Even though I was raised on and have directed, acted in or assistant directed eight different Shakespearian productions, I have always felt kind of politicized about the sheer amount of Shakespeare that Canadians produce. Don’t get me wrong – I love Shakespeare. But I’m also a nationalist. And it strikes me odd that the primary storyteller in our theatres is a man from another continent who had never dreamed of knowing Canada.

I believe in that good kind of nationhood: shared ideals, pride of place, together we are better. And so I believe that when a Hannah Moscovitch play slays a new audience or when Robert Lepage makes the world believe that Canada (or at least a part of Canada) is at the cutting edge of the craft – I think that’s good for us, not just as an arts loving community but as a country: our stories, well told. So I do believe that Canadians and Canadian artistry should have priority in our National Arts Centre space.

However, when I took over the reins at the NAC I didn’t want to restrict the programming to only Canadian writers. I am from the school that believes that the writer is a very important key creator in identifying the ‘nationality’ of a play, but I also believe that the director or ensemble of artists can interpret a play in such a way that is so unique to that artist or to that community that the play becomes a Canadian expression, if not an entirely Canadian play. I think Raoul Bhaneja’s Hamlet is uniquely his version. I believe The Electric Company’s No Exit was as much about the art of that company as it was about Sartre. I saw Modern Times’ Macbeth several years ago and it was as unique a piece as I could imagine, using Shakespeare’s Macbeth as the primary of many layers.  Chris Abraham’s gay wedding Midsummer Night’s Dream belonged more to the backyards of Toronto than anywhere else.

At the NAC, we have two ways of programming. We select six or seven shows a year to present from the multitude that we see live or on video. For our in-house productions, we bring together a group of actors from across the country to build that year’s Ensemble.
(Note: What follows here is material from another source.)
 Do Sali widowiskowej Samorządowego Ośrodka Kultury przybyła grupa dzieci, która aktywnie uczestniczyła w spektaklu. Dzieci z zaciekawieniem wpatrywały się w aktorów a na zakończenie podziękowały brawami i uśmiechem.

The Ensemble inspires the choice of plays for the season.   Often times, even though the Associate Artistic Director Sarah Garton Stanley and I pride ourselves on knowing as much as we can about the Canadian canon, we hit on a combination of people that seem to call for a classic which happens to be from somewhere else.

This coming season, for example, we happen to have the perfect alchemy of artists to do Twelfth Night. (Incidentally the other five shows for the Ensemble this year are Canadian.) I was very interested in how they would tell that story and hear that music. But also I wanted to see it envisioned by uniquely Canadian dreamers.   So I went to a team of the most unique Canadian dreamers I know – The Old Trout Puppet Workshop. This group visiting-trout_lof guys, who started out in a shed south of Calgary performing for Hutterites, had the kind of vision that could engage visually with all of the textual delights in Twelfth Night. So we moved forward with the plan to do a Shakespeare as imagined by The Old Trouts. It won’t be with marionettes or hand puppets so much as it will be visually animated using the Old Trouts’ signature style.   The Old Trouts for years have done interpretive works that have blended quite animate inanimate objects with quite animated humans to great effect.
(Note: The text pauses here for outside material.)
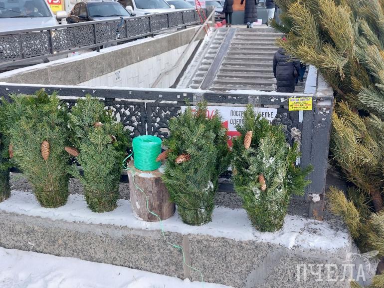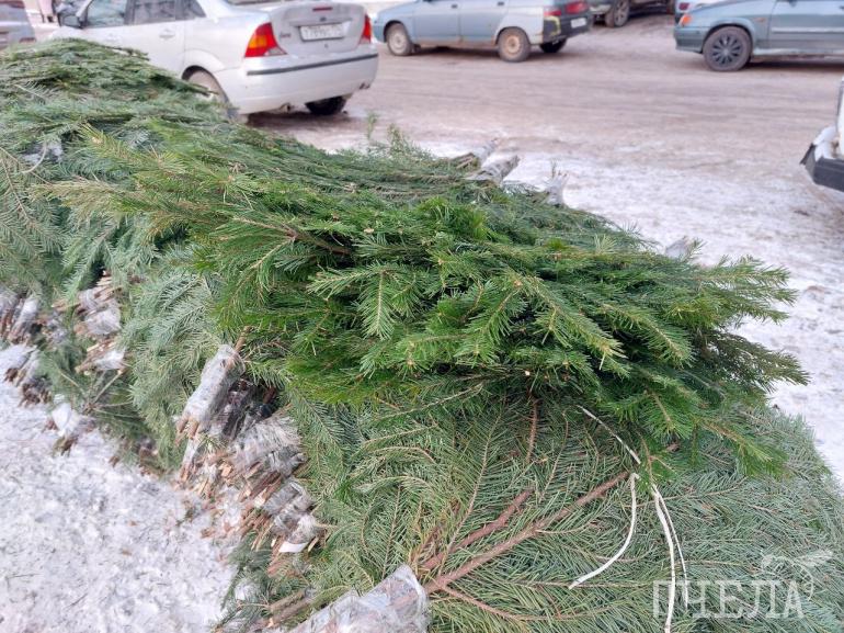 На базаре около Теплотехнического института ветки ели стоят 200 рублей, а цены на саму пушистую красавицу начинаются от 600 рублей.

The last Shakespeare the NAC produced (outside of presenting the visiting Raoul Bhaneja’s Hamlet) was Peter Hinton’s all Indigenous King Lear. It too was a very Canadian interpretation. I believe this Twelfth Night in the hands of the great artists in our Ensemble and the Old Trout Puppet Workshop, will offer audiences an entirely new theatrical experience; and a uniquely Canadian one at that.

Twelfth Night runs January 20th-February 6th, 2016, in Ottawa at The National Arts Centre.